Dow drops 350 points, Nasdaq falls 1.7% as tech sell-off intensifies amid bitcoin’s slide

Tiger Newspress2021-05-19

U.S. stocks fell sharply on Wednesday as selling returned to the tech sector amid a plunge in cryptocurrencies.

The Dow Jones Industrial Average fell 351 points, while the S&P 500 dropped 1.3%. The tech-heavy Nasdaq Composite slid 1.7% as Microsoft, Facebook, Alphabet and Apple all slid more than 1%

Sentiment in the tech sector was dented by a drop in cryptocurrencies including bitcoin. The world's largest digital token fell below $40,000 for the first time in 14 weeks and last traded around $36,060 apiece. At one point, the price was down 20% in the last 24 hours and it has fallen more than 30% in one week, according to Coinbase. On Tuesday, China warned financial institutions not to conduct crypto-related business, possibly sparking the sell-off.

Tesla, a big holder of bitcoin, declined 4%. Microstrategy, another company which bought a large amount of bitcoin for its corporate treasury, tanked by 5%. Coinbase, the newly public crypto exchange, fell 3%.

Growth stocks have come under pressure lately with the Nasdaq Composite falling nearly 5% in May as fears of inflation intensified. A sustained pickup in price pressures could unravel the Federal Reserve's accommodative policies, which could hurt technology companies that have relied for years on easy borrowing costs for superior growth.

Cathie Wood's flagship fund Ark Innovation ETF (ARKK) dropped more than 4%, bringing its 2021 losses to more than 15%.

The Fed publishes the minutes from its April meeting later Wednesday afternoon, which could add to angst about inflation. The Fed kept its easy policies that meeting, but acknowledged that inflation could rise in coming months. The central bank maintains that these price pressures will be transitory.

"The major question for markets right now is whether the Fed is right and this increase in inflation is just temporary, because if inflation is not temporary, it could unleash a very painful period for virtually all investors," Tom Essaye, founder of Sevens Report, said in a note.

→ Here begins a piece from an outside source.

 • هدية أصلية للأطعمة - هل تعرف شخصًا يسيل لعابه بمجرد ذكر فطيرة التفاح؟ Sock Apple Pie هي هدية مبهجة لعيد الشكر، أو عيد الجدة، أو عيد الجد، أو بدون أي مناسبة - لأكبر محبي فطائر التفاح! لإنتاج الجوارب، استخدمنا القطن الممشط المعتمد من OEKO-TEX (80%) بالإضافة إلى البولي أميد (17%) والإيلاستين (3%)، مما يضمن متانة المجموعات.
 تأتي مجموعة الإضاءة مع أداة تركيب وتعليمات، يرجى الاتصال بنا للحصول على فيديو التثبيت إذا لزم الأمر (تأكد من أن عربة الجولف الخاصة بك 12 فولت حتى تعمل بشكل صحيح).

Helping the sentiment a bit on Wednesday was better-than-expected results from Target. Shares of the major retailer popped by 3.8% after it said sales surged 23% last quarter.

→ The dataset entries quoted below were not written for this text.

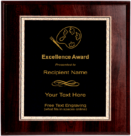This art award plaque features a stock artist's palette image, your text personalized engraving and a beautiful Cherry wood finish. Use our personalization wizard and select 'Use popular template' or create your own unique design! Art plaques are available in three popular sizes, 9"x7", 10"x8" and 12"x9". Please select below. Stock artwork and text personalized engraving is free! Shown with a black personalized engraving plate with gilded edge. Ships from: Marquette, Michigan. SKU: art-plaque-tc.
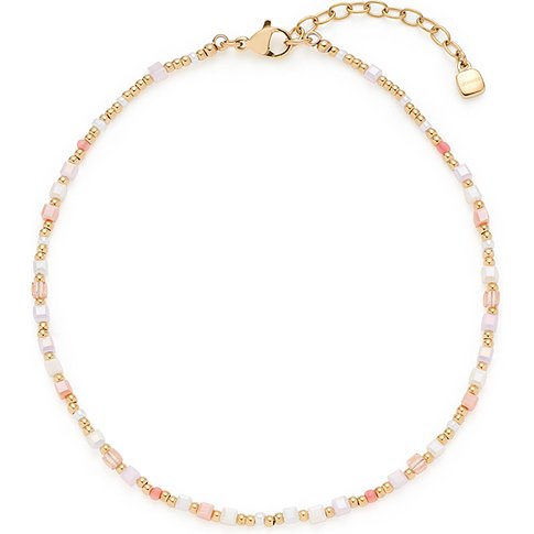 Leonardo roestvrijstalen ketting met twee rijen goudkleurige kralen en glasstenen in verschillende kleuren.
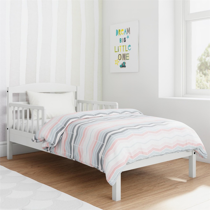 Baby Relax Jackson Kids Wood Toddler Bed with Safety Guardrails, White Is it already time for the big-kid bed? The sturdy construction of the Baby Relax Jackson Toddler Bed will transform your nursery into a new, safe and fun bedroom for your growing child
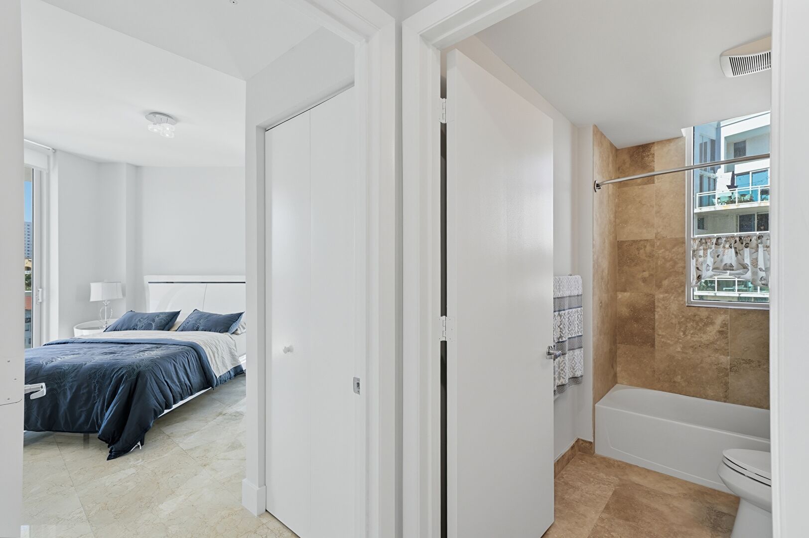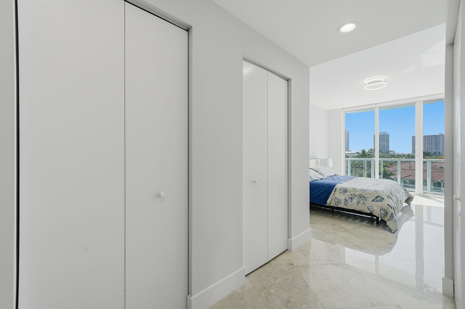 Baseboards Wall, Drywall, Floor Ceiling Windows, Marble Finish Floor, Natural Light, Recessed Lighting, Two Closets, Vent, Baseboards Wall, City View, Floor Ceiling Windows, Natural Light, Recessed Lighting
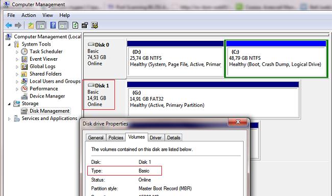 6. After successful updation, the disk drive’s label changes from removable to basic. To check you can go to :
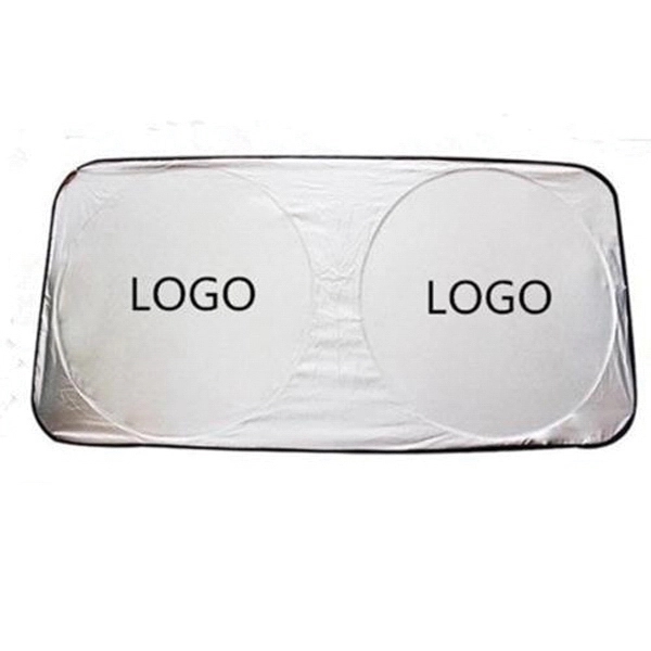 This two-panel Car Sun Shade reflects the sun to help keep your vehicle interior cooler. Huge shade offers full windshield coverage and extra high-visibility advertising space for your business. The handy window shade collapses to approximately 10% of its original size. 59" L x 28" W.
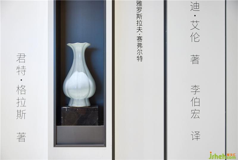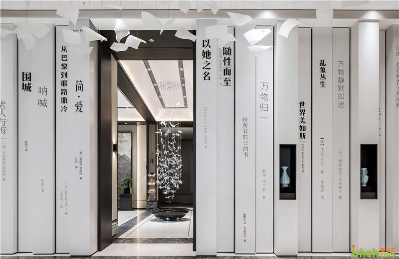 售樓處設(shè)計(jì)以書的厚薄高低無(wú)序排開,堆砌成墻體,有中式的無(wú)聲《吶喊》,也有西式的“靜默如迷”,紙張紛飛,筆劃垂如絲絳。就像把書桌放大100倍,人如螻蟻,一道窄門開啟學(xué)海無(wú)涯的人生。

Major stock indexes are coming off back-to-back losses weighed by weakness in the technology sector. Soft housing data on Tuesday partly triggered the broad selling in the previous session.

“Late-day weakness in this sector is becoming commonplace adding to fears it could be headed for a longer and more pronounced period of consolidation than expected,” Jim Paulsen, chief investment strategist at the Leuthold Group, told CNBC.

“Investors will be scrutinizing the release of the latest Fed minutes for any subtle hints as to when some tapering actions may be forthcoming,” added Paulsen.